Top of SOURCE RECORDS

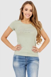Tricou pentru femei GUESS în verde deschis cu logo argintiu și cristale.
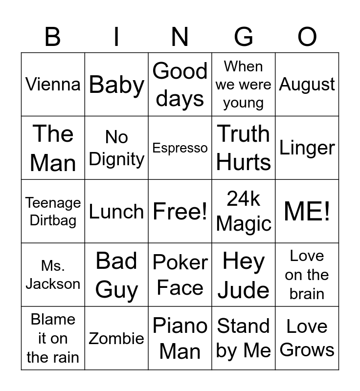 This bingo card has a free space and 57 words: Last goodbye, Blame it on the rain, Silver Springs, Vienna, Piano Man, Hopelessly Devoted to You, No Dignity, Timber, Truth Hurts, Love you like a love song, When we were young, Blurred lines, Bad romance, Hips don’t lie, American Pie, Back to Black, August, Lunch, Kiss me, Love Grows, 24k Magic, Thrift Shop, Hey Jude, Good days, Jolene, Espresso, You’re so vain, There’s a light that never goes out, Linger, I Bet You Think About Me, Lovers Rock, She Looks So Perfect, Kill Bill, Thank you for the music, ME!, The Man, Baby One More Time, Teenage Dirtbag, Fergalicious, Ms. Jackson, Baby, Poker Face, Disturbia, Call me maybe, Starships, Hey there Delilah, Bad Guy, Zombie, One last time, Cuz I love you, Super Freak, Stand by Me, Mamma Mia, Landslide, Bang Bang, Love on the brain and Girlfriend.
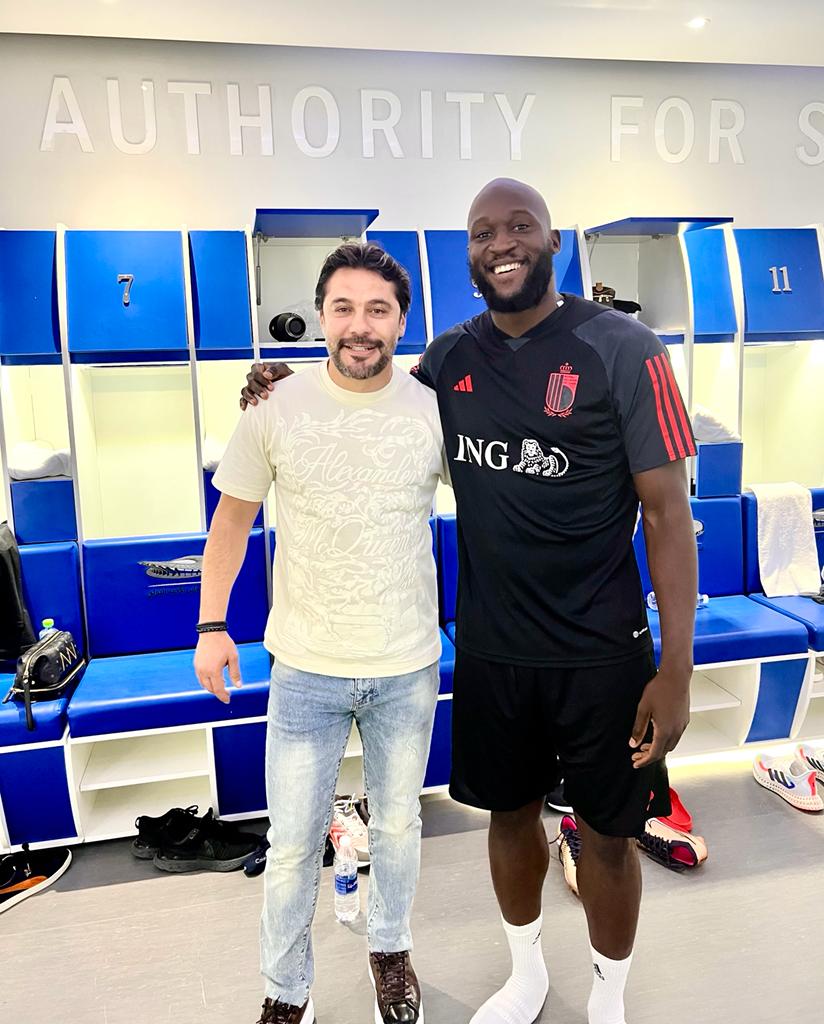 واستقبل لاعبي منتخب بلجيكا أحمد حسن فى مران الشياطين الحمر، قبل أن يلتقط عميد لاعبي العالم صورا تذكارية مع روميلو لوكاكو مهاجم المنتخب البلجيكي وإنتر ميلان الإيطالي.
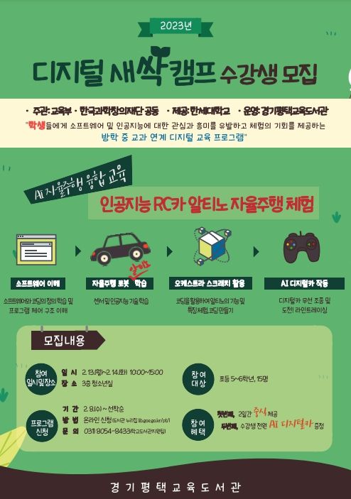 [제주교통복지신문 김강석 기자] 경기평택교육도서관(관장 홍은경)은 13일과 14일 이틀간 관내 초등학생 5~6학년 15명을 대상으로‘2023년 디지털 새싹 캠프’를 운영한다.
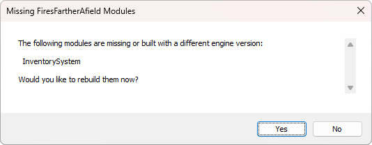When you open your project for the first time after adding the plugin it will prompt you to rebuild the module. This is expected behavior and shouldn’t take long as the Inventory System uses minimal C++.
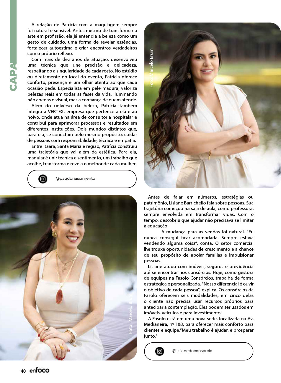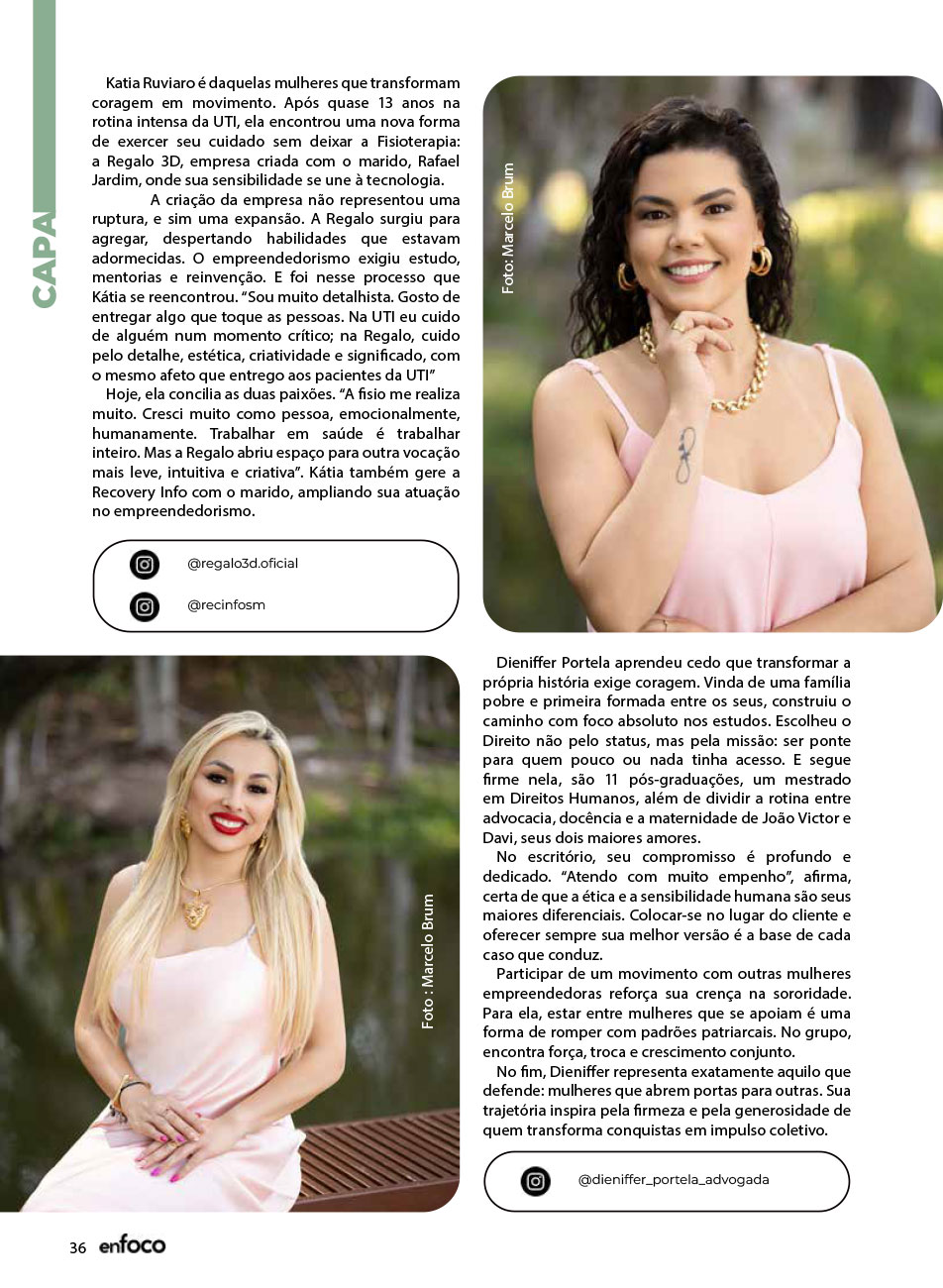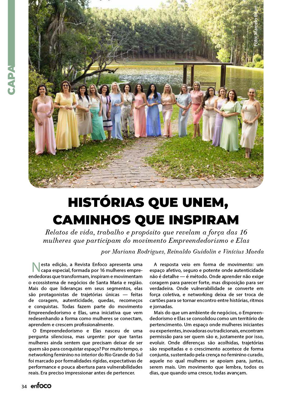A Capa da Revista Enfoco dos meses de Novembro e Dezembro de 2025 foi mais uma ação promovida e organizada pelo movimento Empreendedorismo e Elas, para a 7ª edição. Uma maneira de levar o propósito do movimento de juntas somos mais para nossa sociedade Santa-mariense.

Bottom of SOURCE RECORDS

TASK PROMPT: Retype the lines from the one containing "واستقبل لاعبي منتخب" down to the last line of the records, both included, exactly and nothing more. Pictures stay out.

RESULT OF THE EXERCISE:
 واستقبل لاعبي منتخب بلجيكا أحمد حسن فى مران الشياطين الحمر، قبل أن يلتقط عميد لاعبي العالم صورا تذكارية مع روميلو لوكاكو مهاجم المنتخب البلجيكي وإنتر ميلان الإيطالي.
 [제주교통복지신문 김강석 기자] 경기평택교육도서관(관장 홍은경)은 13일과 14일 이틀간 관내 초등학생 5~6학년 15명을 대상으로‘2023년 디지털 새싹 캠프’를 운영한다.
When you open your project for the first time after adding the plugin it will prompt you to rebuild the module. This is expected behavior and shouldn’t take long as the Inventory System uses minimal C++.
A Capa da Revista Enfoco dos meses de Novembro e Dezembro de 2025 foi mais uma ação promovida e organizada pelo movimento Empreendedorismo e Elas, para a 7ª edição. Uma maneira de levar o propósito do movimento de juntas somos mais para nossa sociedade Santa-mariense.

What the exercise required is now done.